▶ [Work instruction] An image-free reproduction of the data below is needed: print it exactly.
___
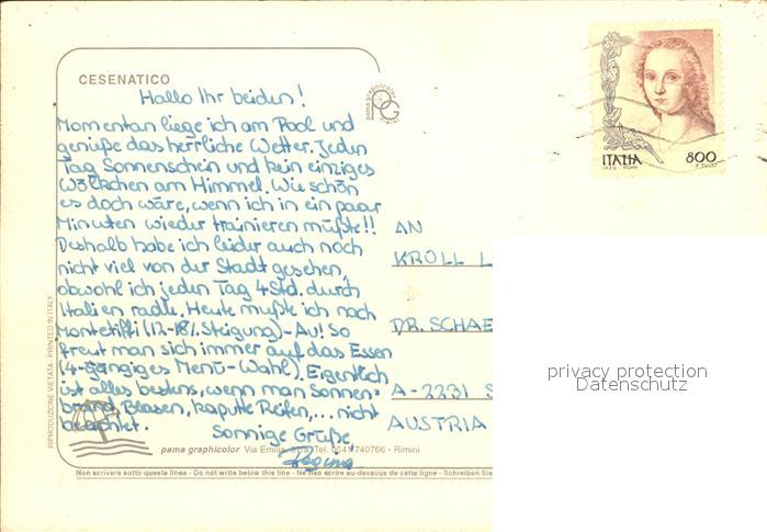 old postcard Cesenatico Strand Hafen Fliegeraufnahme postalisch gelaufen Erhaltung siehe scans
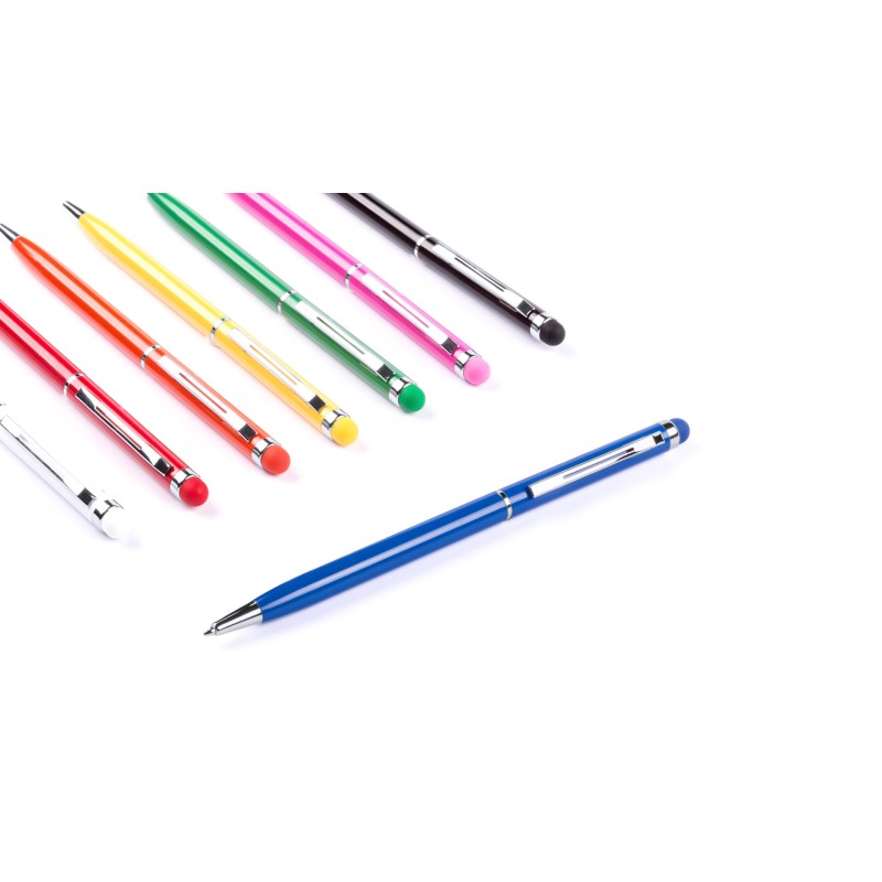 Pointer ball pen with twist mechanism and ultra-fine aluminum body in a smooth metallic finish in varied colors and matching color stylus. Details and rings in silver color. Blue ink.
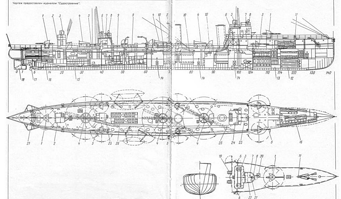 (Продольный разрез, планы верхней палубы, полубака и теоретический чертеж) 1-75-мм орудие. 2-рубка радиотелеграфа, 3-прожектор, 4-минный аппарат, 5-57-мм пушка, 6-пулемет, 7-штурвал. 8-компас. 9– машинное отделение, 10– котельное отделение, 11-шпиль, 12– помещение запасных торпед, 13– погреб боезапаса, 14– водонепроницаемая крышка угольной ямы. 15-офицерские помещения. 16– помещения команды, 17-винт, 18-руль, 19-трап, 20-люк ручной подачи снарядов, 21– машинный телеграф, 22-боевая рубка, 23-ходовая рубка. 24-камбуз, 25– горловина угольной ямы. 26-саетовой люк машинного отделения, 27-ограждение гребного винта.
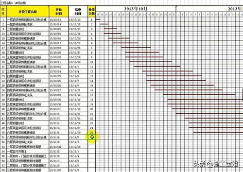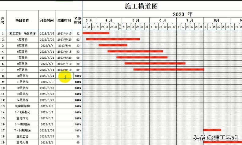 新手如何快速学会使用Excel横道图,这是新手画的横道图,这是项目经理画的横道图,工程开始和结束时间咔咔一填写,就能直接计算出工期天数,横道图也同一时间自动生成红线,施工进度一目了然,既方便又专业,对工程朋友超级实用.
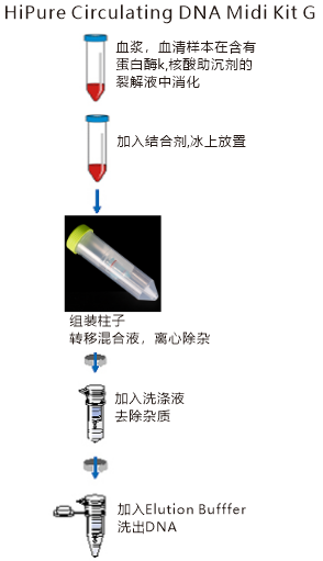 为尿液、腹水等低蛋白质含量样品的循环DNA提取提供了一个简单快速的解决方案。循环DNA是指游离在细胞外的DNA,它是细胞凋亡产生的。循环DNA片断一般在1KB以下。试剂盒基于硅胶柱纯化技术,提取过程中无需使用有毒的酚氯仿抽提,也无需进行耗时的醇类沉淀。得到的循环DNA可直接用于定量PCR,液相或固相芯片分析,杂交和SNP检测等分析。HiPure Circulating DNA Midi Kit C适合于从10ml尿液中捕获极微量的游离核酸。  |
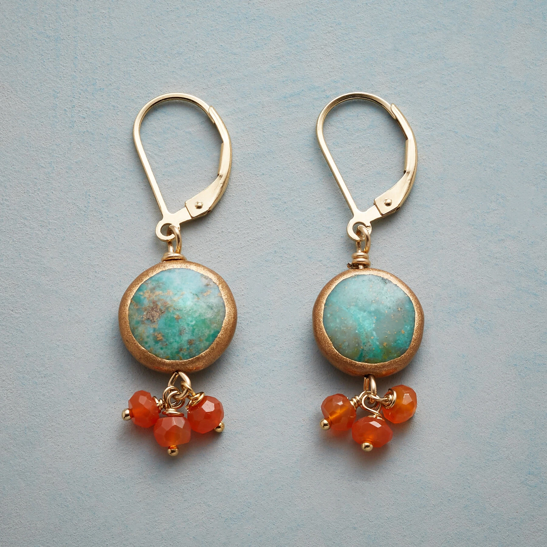 Copper-wrapped turquoise disks provide an earthy contrast to clustered carnelian rondelle trios hung below. 14kt gold-filled lever backs and wires. Exclusive. Handcrafted in USA. 1-1/2″L.
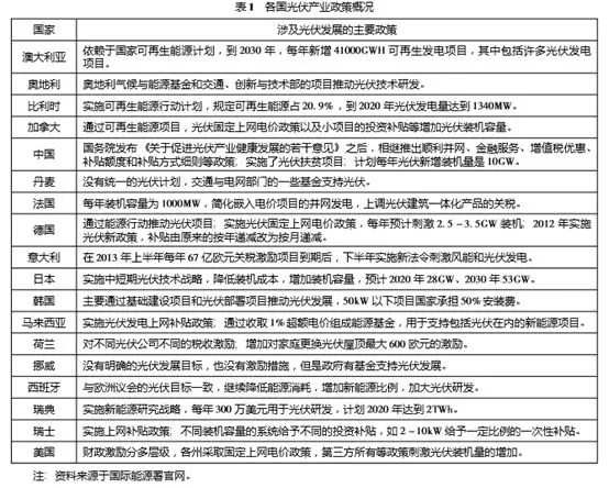 1各國光伏產業政策分析
___
▶ [Final answer]
 old postcard Cesenatico Strand Hafen Fliegeraufnahme postalisch gelaufen Erhaltung siehe scans
 Pointer ball pen with twist mechanism and ultra-fine aluminum body in a smooth metallic finish in varied colors and matching color stylus. Details and rings in silver color. Blue ink.
 (Продольный разрез, планы верхней палубы, полубака и теоретический чертеж) 1-75-мм орудие. 2-рубка радиотелеграфа, 3-прожектор, 4-минный аппарат, 5-57-мм пушка, 6-пулемет, 7-штурвал. 8-компас. 9– машинное отделение, 10– котельное отделение, 11-шпиль, 12– помещение запасных торпед, 13– погреб боезапаса, 14– водонепроницаемая крышка угольной ямы. 15-офицерские помещения. 16– помещения команды, 17-винт, 18-руль, 19-трап, 20-люк ручной подачи снарядов, 21– машинный телеграф, 22-боевая рубка, 23-ходовая рубка. 24-камбуз, 25– горловина угольной ямы. 26-саетовой люк машинного отделения, 27-ограждение гребного винта.
 新手如何快速学会使用Excel横道图,这是新手画的横道图,这是项目经理画的横道图,工程开始和结束时间咔咔一填写,就能直接计算出工期天数,横道图也同一时间自动生成红线,施工进度一目了然,既方便又专业,对工程朋友超级实用.
 为尿液、腹水等低蛋白质含量样品的循环DNA提取提供了一个简单快速的解决方案。循环DNA是指游离在细胞外的DNA,它是细胞凋亡产生的。循环DNA片断一般在1KB以下。试剂盒基于硅胶柱纯化技术,提取过程中无需使用有毒的酚氯仿抽提,也无需进行耗时的醇类沉淀。得到的循环DNA可直接用于定量PCR,液相或固相芯片分析,杂交和SNP检测等分析。HiPure Circulating DNA Midi Kit C适合于从10ml尿液中捕获极微量的游离核酸。  |
 Copper-wrapped turquoise disks provide an earthy contrast to clustered carnelian rondelle trios hung below. 14kt gold-filled lever backs and wires. Exclusive. Handcrafted in USA. 1-1/2″L.
 1各國光伏產業政策分析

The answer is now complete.